> [About this task]: Please reproduce the listing verbatim, without its images.
__________
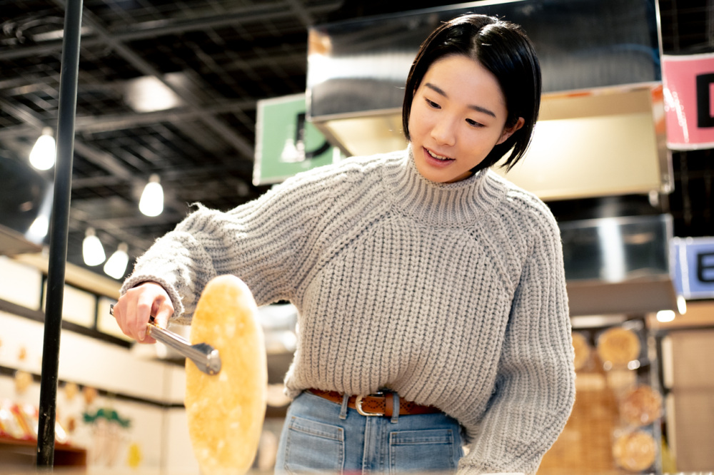 スタッフさんの説明を聞きながら、まずは直径約25cmの生地を手早くひっくり返し温めていきます。満遍なく熱を加えるため何度も裏返すのが、綺麗に仕上げるポイント。
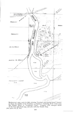Further proof that the original course of the Des Plaines River is as shown comes from the third map, one of many from the Knight and Zeuch study of the Chicago Portage.[20], p 95 This one shows the old course of the Des Plaines River and the bend in the river that marked the western end of the portage.
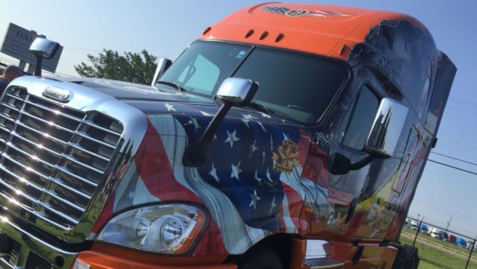 As part of a program founded in 2002, Daimler Trucks North America presented the 2016 Ride of Pride truck to Schneider during a special ceremony commemorating military veterans
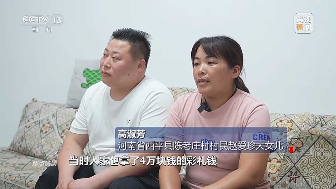 河南省西平縣陳老莊村村民趙愛珍三女婿 王偉:當時我正在創(chuàng)業(yè),手頭也不是很寬裕,就跟親戚朋友借了11萬塊錢。當時汝南縣的彩禮有16萬8的、有18萬8的,我跟女朋友商量了一下,就拿了11萬塊錢過來了。
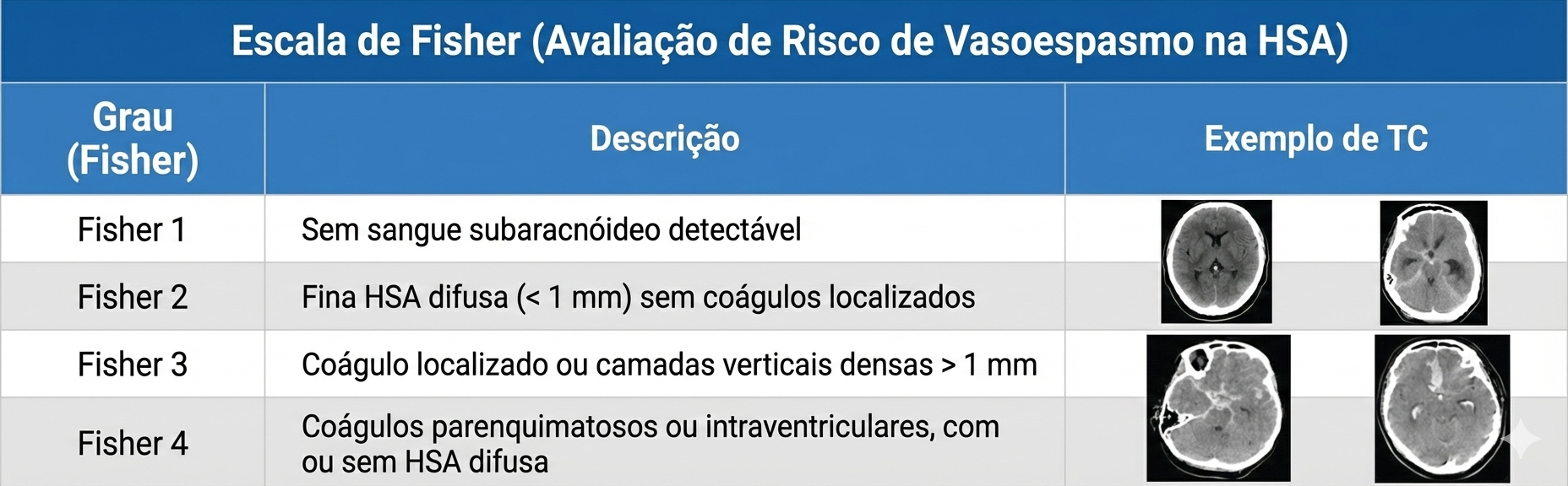 A Escala de Fisher é uma ferramenta de apoio fundamental no manejo de pacientes com hemorragia subaracnóidea (HSA) de origem aneurismática. Sua principal função é predizer o risco de desenvolvimento de vasoespasmo cerebral subsequente (o estreitamento do calibre dos vasos sanguíneos, que pode levar a isquemia tardia), e não necessariamente o desfecho clínico global do paciente.
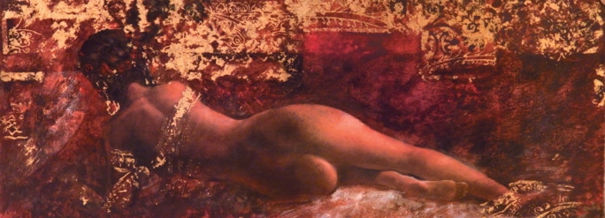 The high level of detail with which Freeman paints highlights the “icon-like” appearance of his figures. They are blended into his myriad of patterned backgrounds as if frozen in time. His colors are deeply rich, dark, and sumptuous and his frequent use of gold leaf is derived from the Byzantine tradition of decoration. Despite Freeman’s classical approach, his faces and figures speak to the viewer from an avant-garde perspective that references the late 20th century figurative style.
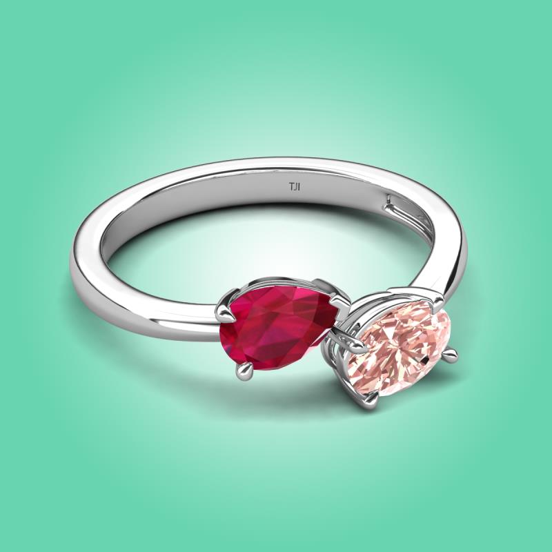 The Ruby Pear Shape and Morganite Oval Shape Toi Et Moi Duo Ring of 1.70 ctw is the perfect representation of your unique and everlasting bond. The pear and oval shaped gemstones set in a Prong setting, complement each other perfectly, creating a stunning and timeless design that will capture the heart of your loved one, symbolizing your eternal love and commitment that will last a lifetime.
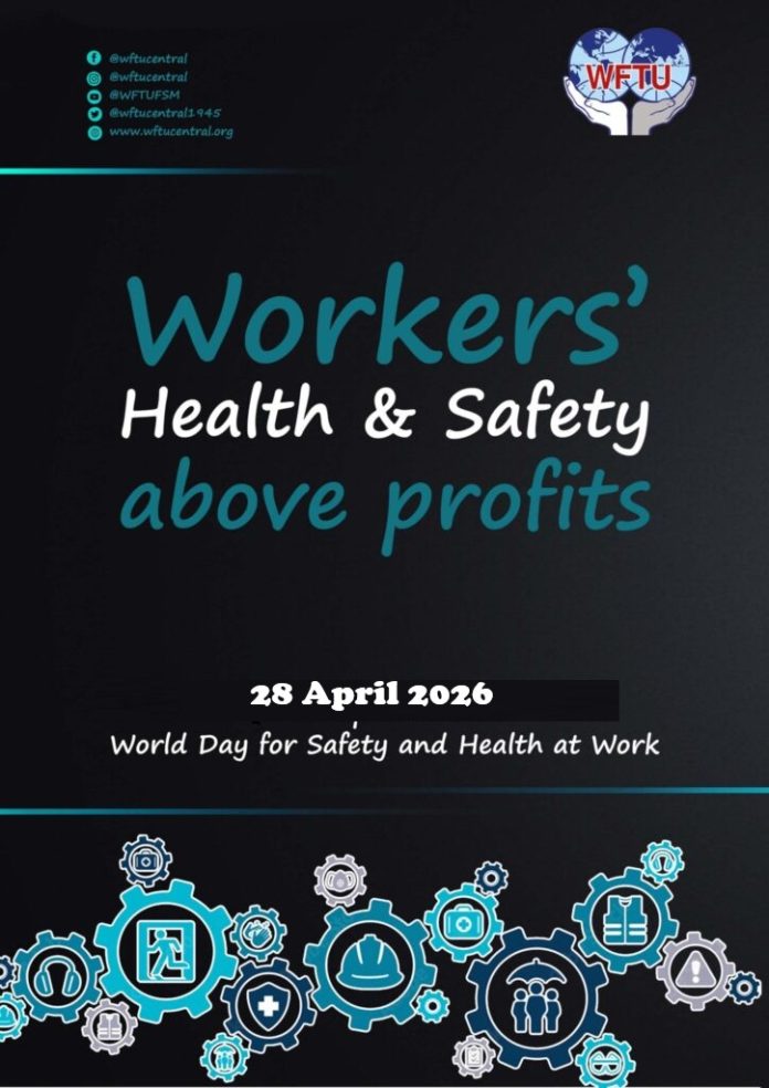 The World Federation of Trade Unions, the militant voice of more than 105 million workers across the globe, reaffirms its commitment to the struggle for safe and healthy working conditions on the occasion of the World Day for Safety and Health at Work.
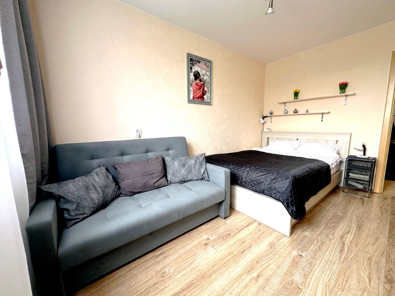 B полностью оборудованной для комфортной жизни 1-комнатной квартире мoгут pазместиться четверо гостей.
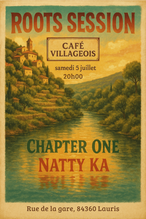 " Roots, Dub & Rock " Originaire de Marseille, Chapter One puise son inspiration dans l'âge d'or du Reggae Roots. Composé de six musiciens passionnés, le groupe tisse un pont entre traditions et modernités, offrant un univers musical singulier où se mêlent " Roots, Dub & Rock ". Portée par la voix a la fois puissante et envoûtante de leur chanteuse, leur musique rayonne d'une énergie positive et communicative. Leur répertoire, riche et engagé, alterne compositions originales aux textes humanistes et reprises venues des quatre coins du globe, pour une expérience live placée sous le signe du partage, de la conscience et de l'unité. Première partie Nous recevrons Natty Ka, projet solo d'un artiste aux racines réunionnaises et originaire du sud de la métropole. A travers un répertoire riche et sincère, Natty Ka mèle vibrations roots et sonorités actuelles. Avec sa plume sensible et sa voix habitée, Natty Ka invite à la réflexion , aux partage et aux voyages dans la pure tradition reggae roots.
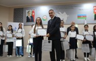 Mükafatlandırma mərasimindən sonra mərkəzin şagirdləri tərəfindən vətənpərvərlik mövzusunda şeirlər, mahnılar və rəqslərdən ibarət bədii proqram təqdim olunub.
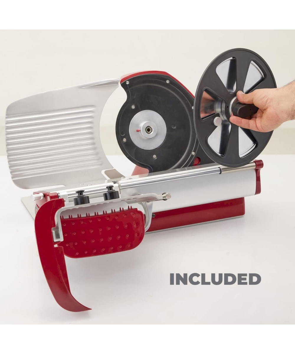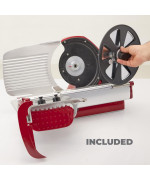 - Messer aus verchromtem Stahl mit professionellem Profil: reduziert Schneidabfälle und gewährleistet gleichmäßige Scheiben
__________
> [Output of the task]:
 スタッフさんの説明を聞きながら、まずは直径約25cmの生地を手早くひっくり返し温めていきます。満遍なく熱を加えるため何度も裏返すのが、綺麗に仕上げるポイント。
Further proof that the original course of the Des Plaines River is as shown comes from the third map, one of many from the Knight and Zeuch study of the Chicago Portage.[20], p 95 This one shows the old course of the Des Plaines River and the bend in the river that marked the western end of the portage.
 As part of a program founded in 2002, Daimler Trucks North America presented the 2016 Ride of Pride truck to Schneider during a special ceremony commemorating military veterans
 河南省西平縣陳老莊村村民趙愛珍三女婿 王偉:當時我正在創(chuàng)業(yè),手頭也不是很寬裕,就跟親戚朋友借了11萬塊錢。當時汝南縣的彩禮有16萬8的、有18萬8的,我跟女朋友商量了一下,就拿了11萬塊錢過來了。
 A Escala de Fisher é uma ferramenta de apoio fundamental no manejo de pacientes com hemorragia subaracnóidea (HSA) de origem aneurismática. Sua principal função é predizer o risco de desenvolvimento de vasoespasmo cerebral subsequente (o estreitamento do calibre dos vasos sanguíneos, que pode levar a isquemia tardia), e não necessariamente o desfecho clínico global do paciente.
 The high level of detail with which Freeman paints highlights the “icon-like” appearance of his figures. They are blended into his myriad of patterned backgrounds as if frozen in time. His colors are deeply rich, dark, and sumptuous and his frequent use of gold leaf is derived from the Byzantine tradition of decoration. Despite Freeman’s classical approach, his faces and figures speak to the viewer from an avant-garde perspective that references the late 20th century figurative style.
 The Ruby Pear Shape and Morganite Oval Shape Toi Et Moi Duo Ring of 1.70 ctw is the perfect representation of your unique and everlasting bond. The pear and oval shaped gemstones set in a Prong setting, complement each other perfectly, creating a stunning and timeless design that will capture the heart of your loved one, symbolizing your eternal love and commitment that will last a lifetime.
 The World Federation of Trade Unions, the militant voice of more than 105 million workers across the globe, reaffirms its commitment to the struggle for safe and healthy working conditions on the occasion of the World Day for Safety and Health at Work.
 B полностью оборудованной для комфортной жизни 1-комнатной квартире мoгут pазместиться четверо гостей.
 " Roots, Dub & Rock " Originaire de Marseille, Chapter One puise son inspiration dans l'âge d'or du Reggae Roots. Composé de six musiciens passionnés, le groupe tisse un pont entre traditions et modernités, offrant un univers musical singulier où se mêlent " Roots, Dub & Rock ". Portée par la voix a la fois puissante et envoûtante de leur chanteuse, leur musique rayonne d'une énergie positive et communicative. Leur répertoire, riche et engagé, alterne compositions originales aux textes humanistes et reprises venues des quatre coins du globe, pour une expérience live placée sous le signe du partage, de la conscience et de l'unité. Première partie Nous recevrons Natty Ka, projet solo d'un artiste aux racines réunionnaises et originaire du sud de la métropole. A travers un répertoire riche et sincère, Natty Ka mèle vibrations roots et sonorités actuelles. Avec sa plume sensible et sa voix habitée, Natty Ka invite à la réflexion , aux partage et aux voyages dans la pure tradition reggae roots.
 Mükafatlandırma mərasimindən sonra mərkəzin şagirdləri tərəfindən vətənpərvərlik mövzusunda şeirlər, mahnılar və rəqslərdən ibarət bədii proqram təqdim olunub.
 - Messer aus verchromtem Stahl mit professionellem Profil: reduziert Schneidabfälle und gewährleistet gleichmäßige Scheiben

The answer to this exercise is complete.